This is the mail archive of the
gcc-patches@gcc.gnu.org
mailing list for the GCC project.
Re: [Patch] Handle profile counts truncated to 0 in coldness test
- From: Teresa Johnson <tejohnson at google dot com>
- To: Jan Hubicka <hubicka at ucw dot cz>
- Cc: "gcc-patches at gcc dot gnu dot org" <gcc-patches at gcc dot gnu dot org>, David Li <davidxl at google dot com>
- Date: Mon, 7 Oct 2013 22:45:04 -0700
- Subject: Re: [Patch] Handle profile counts truncated to 0 in coldness test
- Authentication-results: sourceware.org; auth=none
- References: <CAAe5K+UJOuP3JGpGuRk1b9ZdeWbhx5tEc6A8ajX3t5OgirrhAQ at mail dot gmail dot com> <20131006134331 dot GA5429 at kam dot mff dot cuni dot cz>
On Sun, Oct 6, 2013 at 6:43 AM, Jan Hubicka <hubicka@ucw.cz> wrote:
>> 2013-10-03 Teresa Johnson <tejohnson@google.com>
>>
>> * params.def (PARAM_MIN_HOT_RUN_RATIO): New parameter.
>
> I would not mention HOT in the parameter name. Blocks are hot/normal/unlikely
> and we HOT_BB_FREQUENCY_FRACTION.
>
> So perhaps UNLIKELY_BB_COUNT_FRACTION with an explanation that it is relative
> to number of train runs?
Ok.
>> +DEFPARAM(PARAM_MIN_HOT_RUN_RATIO,
>> + "min-hot-run-ratio",
>> + "The minimum ratio of profile runs to basic block execution count "
>> + "for the block to be considered hot",
> Perhaps as:
>> + "The maximum ratio of profile runs to basic block execution count "
>> + "for the block to be considered unlikely",
>
>> + 4, 0, 10000)
>
> lower bound should be 1 or we divide by 0.
Yep, will fix.
>> Index: predict.c
>> ===================================================================
>> --- predict.c (revision 203152)
>> +++ predict.c (working copy)
>> @@ -237,17 +237,31 @@ probably_never_executed (struct function *fun,
>> gcc_checking_assert (fun);
>> if (profile_status_for_function (fun) == PROFILE_READ)
>> {
>> - if ((count * 4 + profile_info->runs / 2) / profile_info->runs > 0)
>> + int min_run_ratio = PARAM_VALUE (PARAM_MIN_HOT_RUN_RATIO);
>> + if (RDIV (count * min_run_ratio, profile_info->runs) > 0)
>
> This way if count is 1, runs needs to be n_run_ratio * 2
> So perhaps if (count * min_run_ratio >= profile_info->runs) instead of division.
Ok.
>> - if (ENTRY_BLOCK_PTR->count && ENTRY_BLOCK_PTR->count < REG_BR_PROB_BASE)

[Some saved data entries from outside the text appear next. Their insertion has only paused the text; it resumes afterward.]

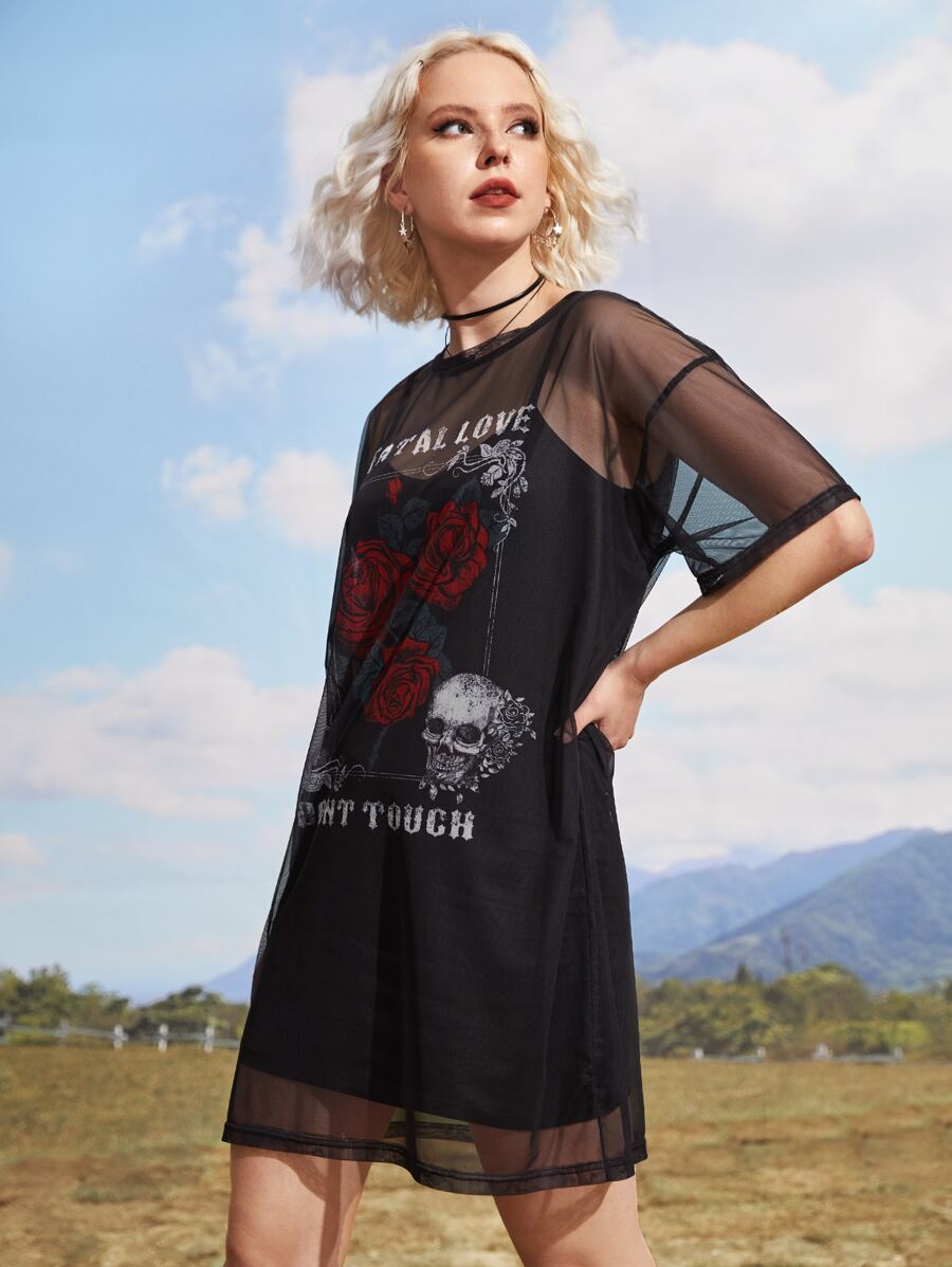 Goth de malla Vestido & rosa con estampado de cráneo Vestido de tirantes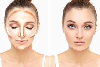 Be sure to fully blend the highlighting foundation and bronzer with your natural-colored face makeup.
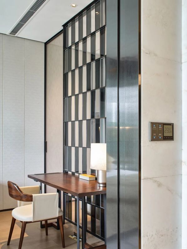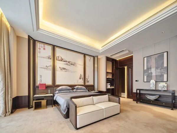 酒店客房内以泼墨山水作为背景墙画,柔和温润的灯光营造出日暖风清的氛围,无不呈现出悠游自得之态,使空间充溢着人文情怀的气息。当人文情怀与智慧科技交融,便诞生了极佳的环境体验。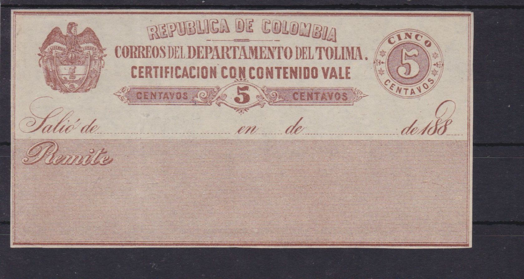 Kolumbien Tolima Wertbriefversicherungsmarke 9 I Certificacion con contenido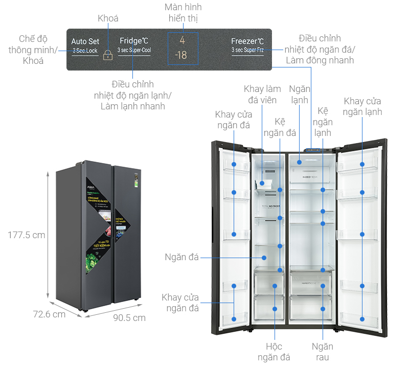 Tủ lạnh Aqua Inverter 646 lít Side By Side AQR-S682XA(SLB)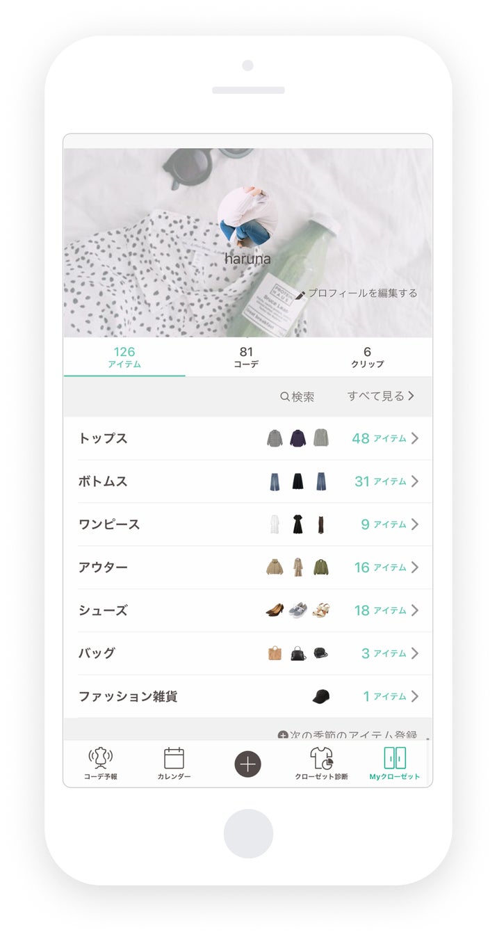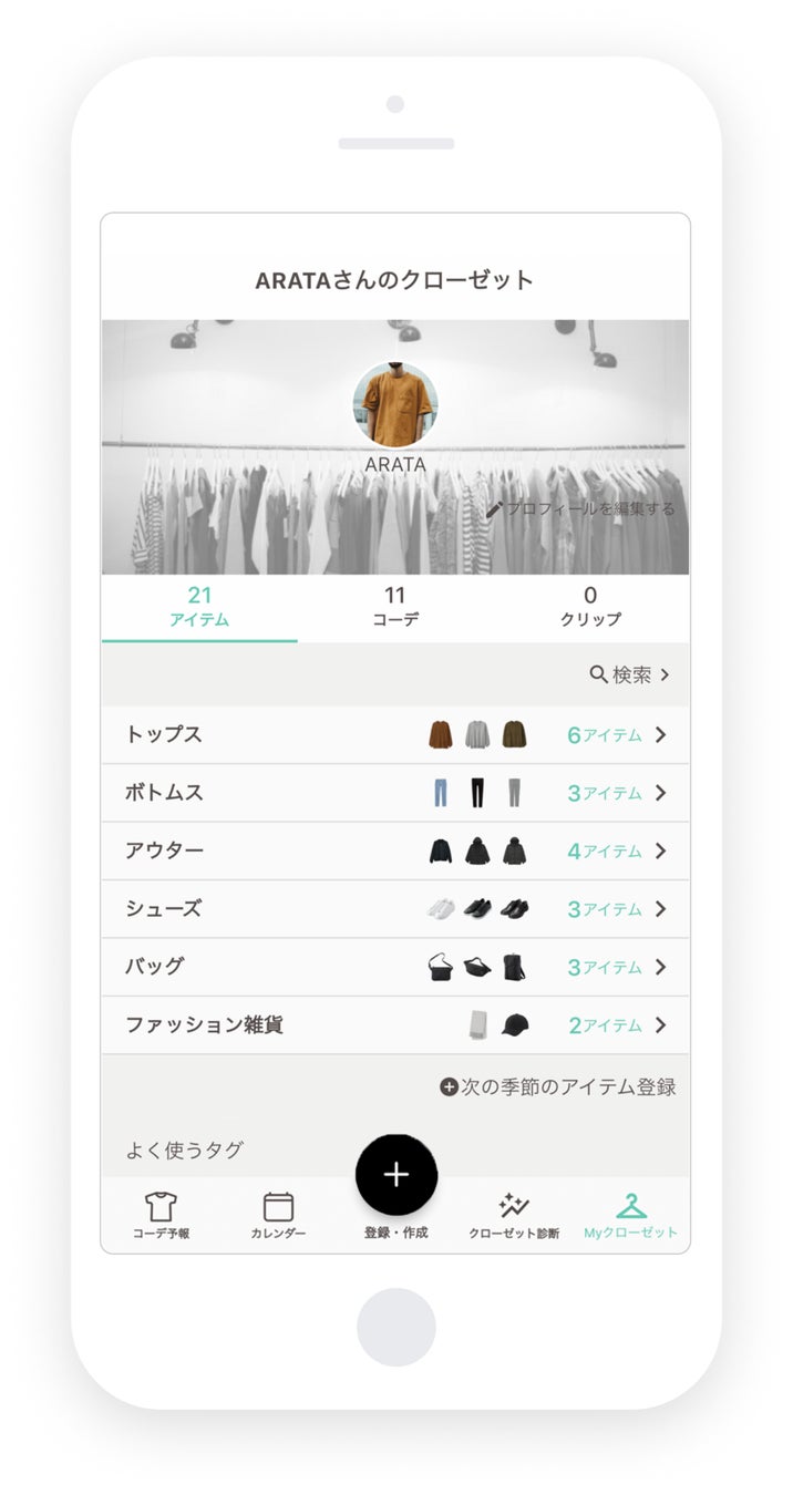 気に入ったコーディネートはそのままカレンダーに記録したり、アイテムを組み替えて保存することができます。今日着た服を記録することで、いつ・どんなコーディネートを着用したか確認できることはもちろん、アイテムの着用回数をカウントすることができます。
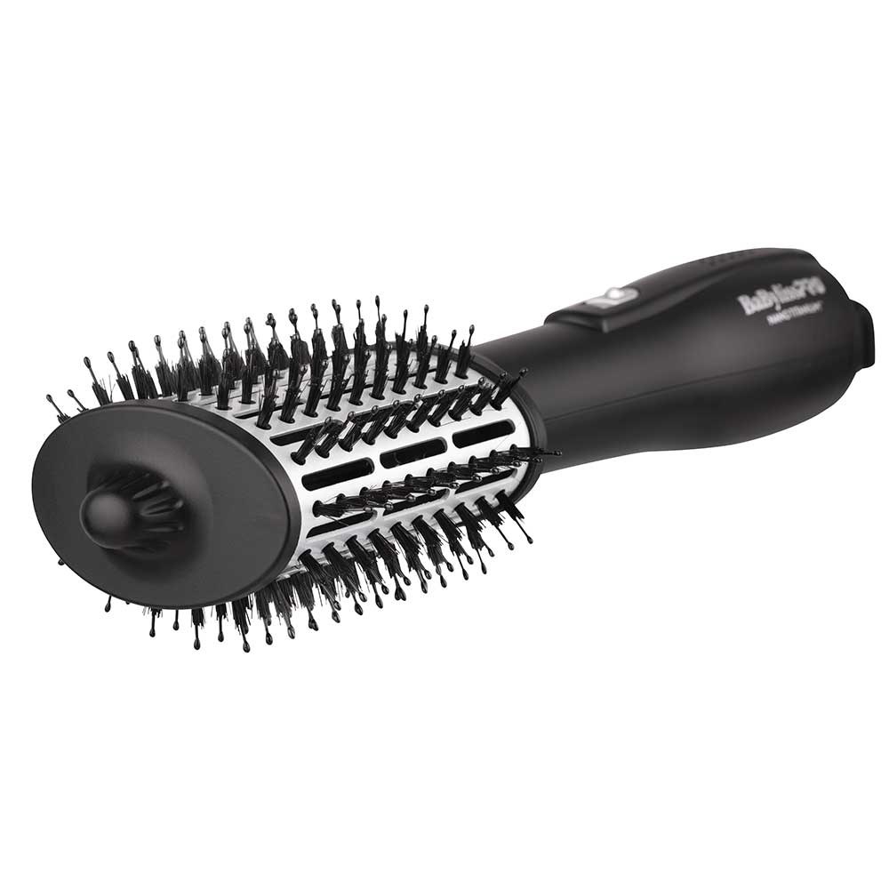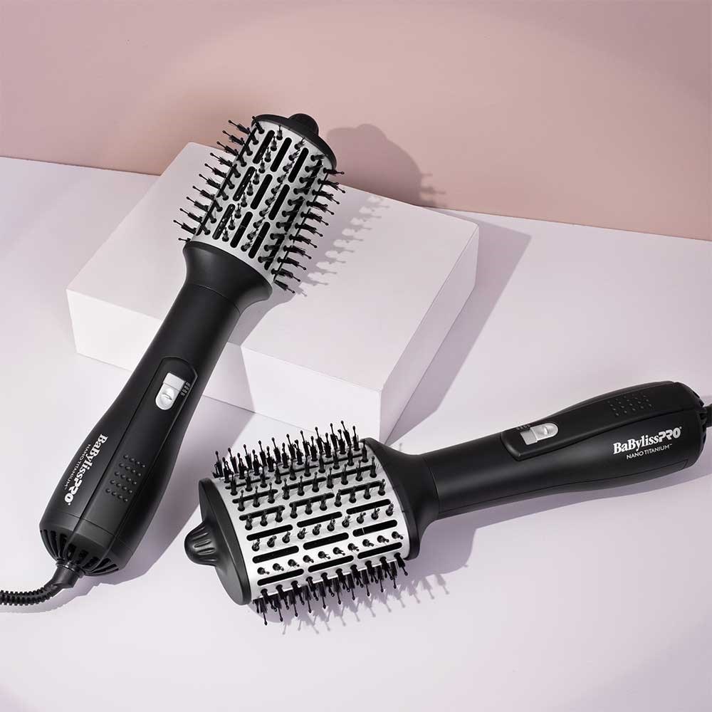 Blow-drying a chore? Styling leaves you sore? BaBylissPRO Nano Titanium Hot Air Styling Brush 89mm (3.5”) makes drying and styling a breeze. Simplify your routine with this 2-in-1 styling tool. Ultra-lightweight, ergonomic and time efficient, BaBylissPRO Nano Titanium Hot Air Styling Brush dries, smooths, volumises and adds shine in just one step. High performance 1000W DC motor combines with three temperature settings, including a cool setting to set style in place. Nano Titanium hot brush is an exceptional conductor of heat, maintaining stability and enhancing shine. 89mm (3.5”) barrel size is ideal for long hair.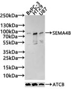 All lanes: SEMA4B antibody at 1:1000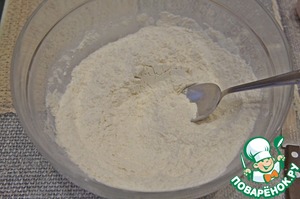 Муку просеять в отдельную миску, добавить разрыхлитель и перемешать.

>> + if (ENTRY_BLOCK_PTR->count)
>> {
>> - return (RDIV (frequency * ENTRY_BLOCK_PTR->count,
>> - ENTRY_BLOCK_PTR->frequency)
>> - < REG_BR_PROB_BASE / 4);
>> + gcov_type scaled_count
>> + = frequency * ENTRY_BLOCK_PTR->count * min_run_ratio;
>> + gcov_type computed_count;
>> + /* Check for overflow, in which case ENTRY_BLOCK_PTR->count should
>> + be large enough to do the division first without losing much
>> + precision. */
>> + if (scaled_count/frequency/min_run_ratio != ENTRY_BLOCK_PTR->count)
>
> I do not like the undefined behaviour triggered before the check (sure unsigned
> arithmetic would fix that, but it seems all strange). What about guarding the
> whole code.
>
> if (ENTRY_BLOCK_PTR->count && count < REG_BR_PROB_BASE)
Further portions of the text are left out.